- _What you are asked to do_
What is needed is a word-for-word copy of the listing below, without pictures.

- _Data block_
━━━━━━━━━━━━━━━━━━━━━━━━━━━━━━

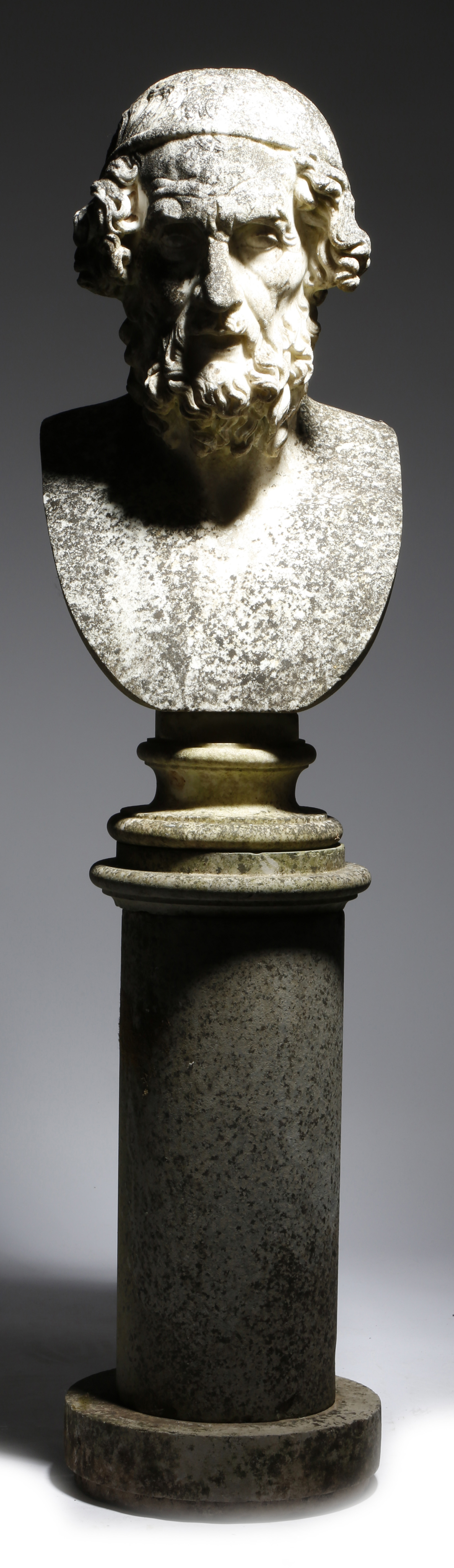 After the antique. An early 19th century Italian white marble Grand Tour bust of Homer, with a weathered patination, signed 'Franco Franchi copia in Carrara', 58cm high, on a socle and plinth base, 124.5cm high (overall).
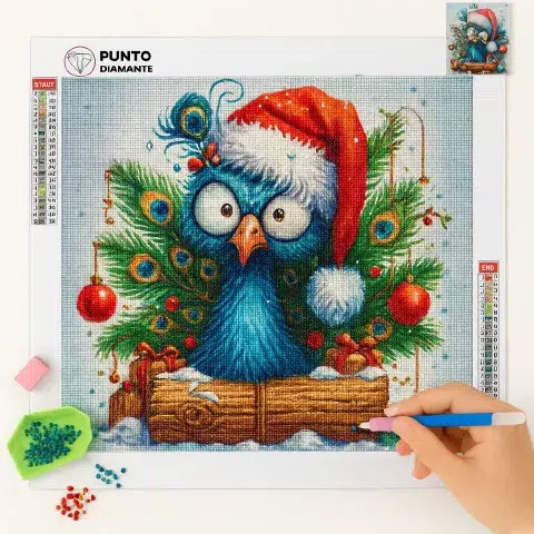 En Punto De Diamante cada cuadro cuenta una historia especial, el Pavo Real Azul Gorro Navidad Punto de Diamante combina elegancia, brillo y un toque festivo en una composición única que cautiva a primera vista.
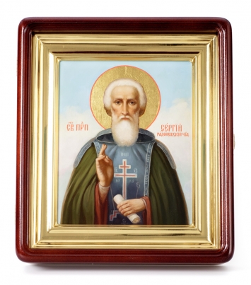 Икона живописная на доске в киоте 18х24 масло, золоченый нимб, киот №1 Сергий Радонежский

━━━━━━━━━━━━━━━━━━━━━━━━━━━━━━

- _Exercise solution_
 After the antique. An early 19th century Italian white marble Grand Tour bust of Homer, with a weathered patination, signed 'Franco Franchi copia in Carrara', 58cm high, on a socle and plinth base, 124.5cm high (overall).
 En Punto De Diamante cada cuadro cuenta una historia especial, el Pavo Real Azul Gorro Navidad Punto de Diamante combina elegancia, brillo y un toque festivo en una composición única que cautiva a primera vista.
 Икона живописная на доске в киоте 18х24 масло, золоченый нимб, киот №1 Сергий Радонежский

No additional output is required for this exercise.